De Eerste Kamer heeft op 2 juli na een debat met de minister Blok van Wonen en Rijksdienst en staatssecretaris Weekers van Financiën de Novelle Wet verhuurderheffing en de Wet verhuurderheffing aangenomen. De fracties van de SP en de PVV werd daarbij aantekening verleend. De Wet verhuurderheffing introduceert een nieuwe heffing van verhuurders over de waarde van hun voor verhuur bestemde huurwoningen in de gereguleerde sector en heeft als primaire doelstelling het realiseren van een budgettaire opbrengst.
Tijdens de plenaire behandeling van het voorstel Wet verhuurderheffing verzocht de Eerste Kamer in de motie-Essers (CDA) c.s. de regering om een novelle teneinde de verhuurderheffing 2013 los te koppelen van de jaren daaropvolgend. De Novelle Wet verhuurderheffing is de uitvoering van deze motie-Essers. Voor de jaren 2014 en volgende werkt het kabinet aan een nieuw wetsvoorstel waarbij ook verdere analyse van de verhuurderheffing en de verruimingen in het huurbeleid worden betrokken.
Investeringen woningcorporaties
Senator Essers (CDA) benadrukte dat de door hem ingediende motie ook een tweede opdracht bevat: het maken van een nieuw voorstel voor een woningwaarderingssysteem en een verhuurderheffing vanaf 2014, dat corporaties de mogelijkheid biedt te blijven investeren in onderhoud en nieuwbouw. Essers betreurt het dat dit deel van de motie pas met Prinsjesdag wordt uitgevoerd, wanneer het geheel aan fiscale woningmarktmaatregelen wordt gepresenteerd. Essers stelde dat het "stug vasthouden" van het kabinet aan de beoogde opbrengst van 1,7 miljard er toe leidt dat dit bedrag niet wordt gehaald en dat de malaise in de bouwwereld langer voortduurt.
Ook senator Ruers (SP) stelde dat de investeringen van woningcorporaties als gevolg van de heffing sterk zullen dalen. Daarnaast merkte Ruers op dat met name huurders en verhuurders in de gereguleerde sector worden getroffen door de verhuurderheffing, hetgeen volgens de senator getuigt van een niet gerechtvaardigde willekeur. Ruers vroeg waarom de regering ondanks diverse negatieve effecten toch vasthoudt aan de verhuurderheffing.

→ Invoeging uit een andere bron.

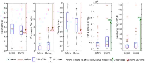 The minimum, maximum, mean, and median values of fish community-based ecological indices, fish biomass, and number of fish before and during an upwelling event. Boxplots indicate 25–75% percentiles.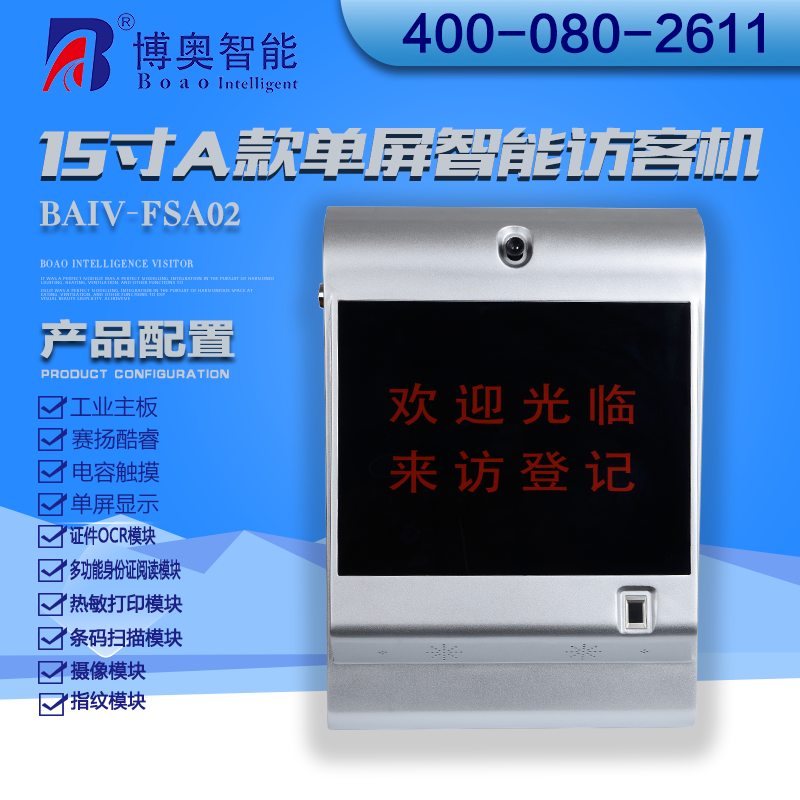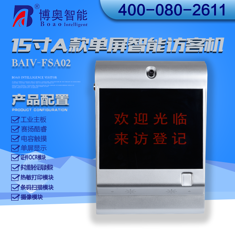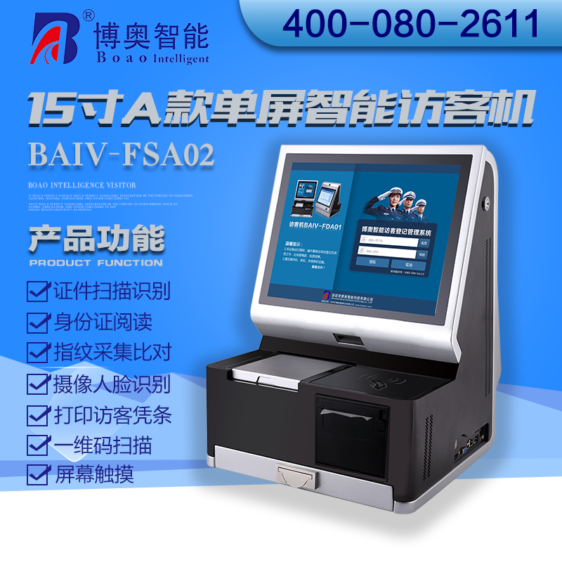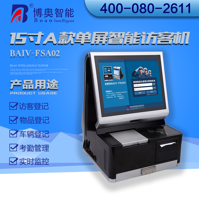 ? ? ? ?15寸A款雙屏智能訪客機是博奧智能自主開發,采用人體工程學與模塊化設計相結合,選用鈑金材料、洗車烤漆工藝加工出來的一款訪客管理終端,訪客管理終端內部裝有WIN7操作系統SQL Server數據庫及我公司自主開發的訪客登記管理系統等主要軟件,從而匯集成了一套完善的智能訪客登記管理系統,它具有外觀精美,功能完善,操作方便等特點。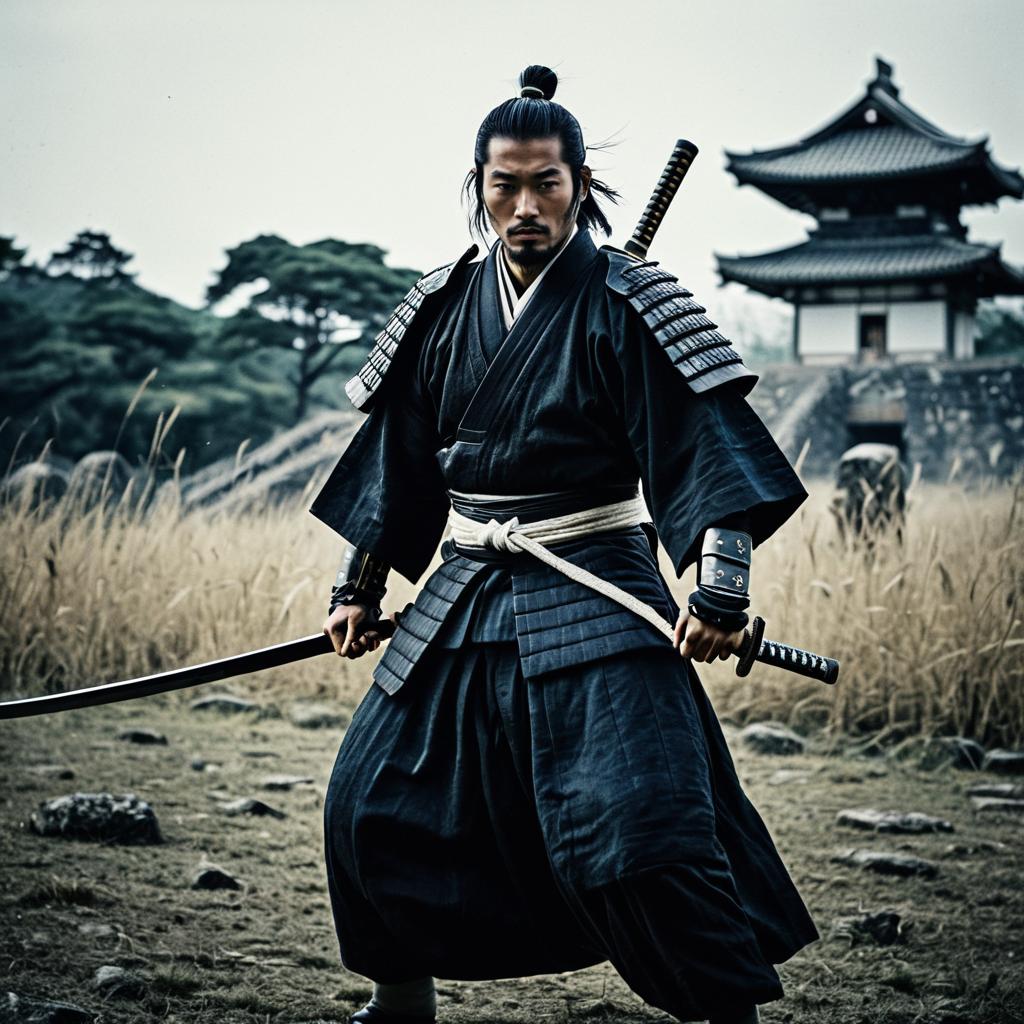 A beautiful male samurai ghost popping out of an ancient battlefield.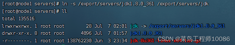 4.配置jdk软连接 命令:ln -s /export/servers/jdk1.8.0_361 /export/servers/jdk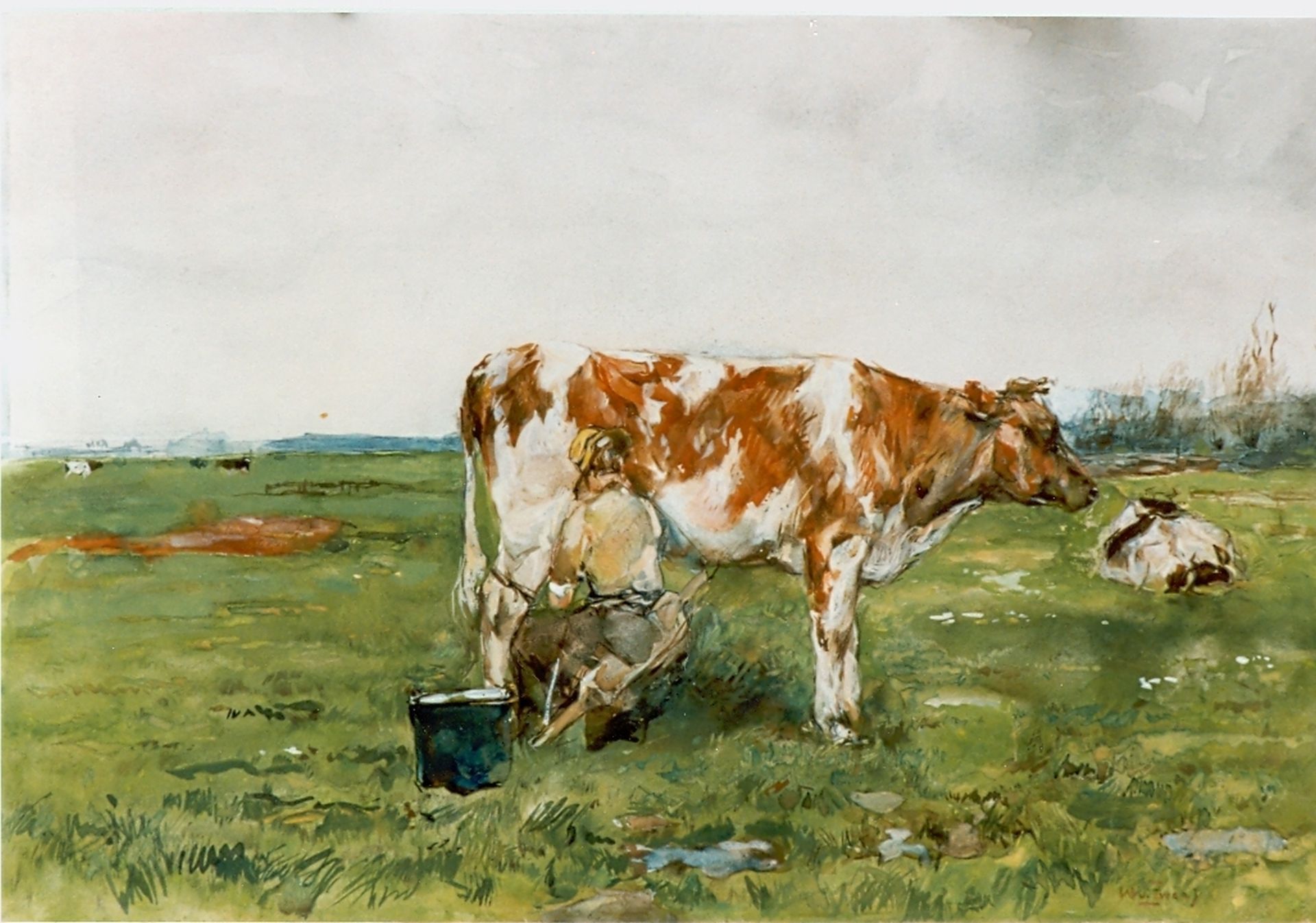 Zwart W.H.P.J. de | Wilhelmus Hendrikus Petrus Johannes 'Willem' de Zwart, Koeien melken, aquarel op papier 45,5 x 68,0 cm, gesigneerd rechtsonder

Minister Blok merkte op dat de verhuurderheffing en de inkomensafhankelijke huurverhoging met nadruk niet discriminerend bedoeld zijn, maar juist mensen met een kleine beurs tegemoet komen. Tegelijkertijd biedt ze de broodnodige ruimte om huren meer marktconform te maken voor mensen met een wat hoger inkomen.
Senator Duivesteijn (PvdA) gaf aan dat hij zeer hecht aan een samenhangende woonvisie op het toekomstige woonstelsel, waarbij de verschillende maatregelen met elkaar in verband worden gebracht. Alleen dan is volgens de senator een behoorlijke beoordeling mogelijk van het woonakkoord en de toekomstige wetgeving op dit terrein. Ook dient er een nationaal plan te komen voor herstel van de woningmarkt, om een breder draagvlak voor afzonderlijke maatregelen te krijgen.
Minister Blok gaf aan dat hij zich voor de opbrengst van de verhuurderheffing gebonden acht aan het regeerakkoord en het woonakkoord, maar hij is wel bereid binnen die 1,7 miljard te zoeken naar alternatieve opbrengsten. De minister stelde dat corporaties voldoende ruimte houden om tegelijkertijd de heffingen op te brengen en te blijven investeren. Volgens de minister geven woningcorporaties aan dat ze de heffing liever niet hebben, maar stellen zij ook dat het geen investeringsstop mee hoeft te brengen.
Lastenverzwaringen
Senator Van Strien (PVV) bekritiseerde de lastenverzwaring die het wetsvoorstel meebrengt. Volgens de senator wordt de economie door de wet verhuurderheffing zwaar beschadigd. Ook senator De Boer (GroenLinks) heeft grote bedenkingen bij de verhuurderheffing. De Boer betreurt het dat de regering vasthoudt aan de opbrengsten van deze heffing, zonder dat er wordt gekeken naar alternatieven. Over de novelle merkte zij echter op dat het met terugwerkende kracht invoeren van de verhuurderheffing te rechtvaardigen is, aangezien met het aannemen van de motie-Essers het voor belastingplichtigen duidelijk was dat er een heffing zou komen.